Reflecting on this forlorn tribe, Lewis concludes . . . “Nations are the most Ik-like of all. For total greed, rapacity, heartlessness, and irresponsibility there is nothing to match a nation. Nations, by law, are solitary, self-centered, withdrawn into themselves. There is no such thing as affection between nations. They bawl insults from their doorsteps, defecate into whole oceans, snatch all the food, survive ty detestation, take joy in the bad luck of others, celebrate the death of others, live for the death of others.” This reminds me of lines from the old Kingston Trio song, They’re Rioting in Africa: “The whole world is festering with unhappy souls / the French hate the Germans, the Germans hate the Poles / Italians hate Yugoslavs, South Africans hate the Dutch / and I don't like anybody very much!”

Cooperation for mutual benefit is far preferable to competition that so often leads to negative consequences . . . for both nations. What I do not understand is why people everywhere (and nations are simply artificial collections of people) cannot see this and find ways to act for the benefit of all concerned.
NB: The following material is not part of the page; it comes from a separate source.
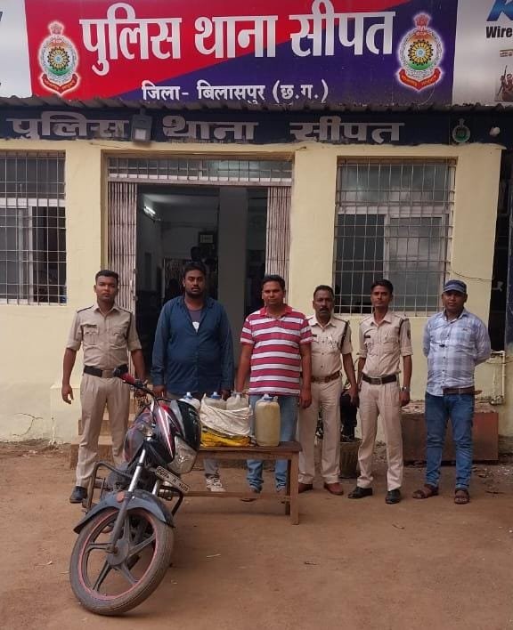 दिनांक 28.10.2024 को टाउन पेट्रोलिंग के दौरान थाना सीपत को मुखबिर से सूचना मिली कि दो व्यक्ति मोटरसाइकिल में भारी मात्रा में कच्ची महुआ शराब लेकर ग्राम सेलर की ओर जा रहे हैं। सीपत थाना प्रभारी और उनकी टीम ने तत्काल कार्रवाई करते हुए आरोपियों को रोककर उनके कब्जे से 40 लीटर देसी महुआ शराब और एक मोटर साइकिल जब्त की।

I’ve been in a couple dozen countries around the world. Whether it’s the Phillipines, El Salvador, Sweden, Namibia, Nepal, or Vietnam, what the average person wants is simply a safe and secure life with a reasonable standard of living. (For the latter, see the 1948 United Nations Universal Declaration of Human Rights, to which the U.S. is a signatory.) Any student of world history recognizes the overwhelming destructive consequences of nationalism, particularly the fanatical brand that cares nothing for the people in countries other than one’s own. It bamboozles me why humanity in general does not affirm and base relationships on the principle of mutual benefit. Americans, Chinese, and Russians are simply people living on a planet where self-preservation is dependent on the preservation of and for all.

About 2500 years ago a nation had been conquered and most of the inhabitants carted off into exile to victorious Babylon. One of the exiled group’s leaders counseled them with these words: “Seek the welfare of the city where (you are in exile), and pray on its behalf, for in its welfare you will find your welfare.” Would that in the world of nations we all adopted that attitude toward one another.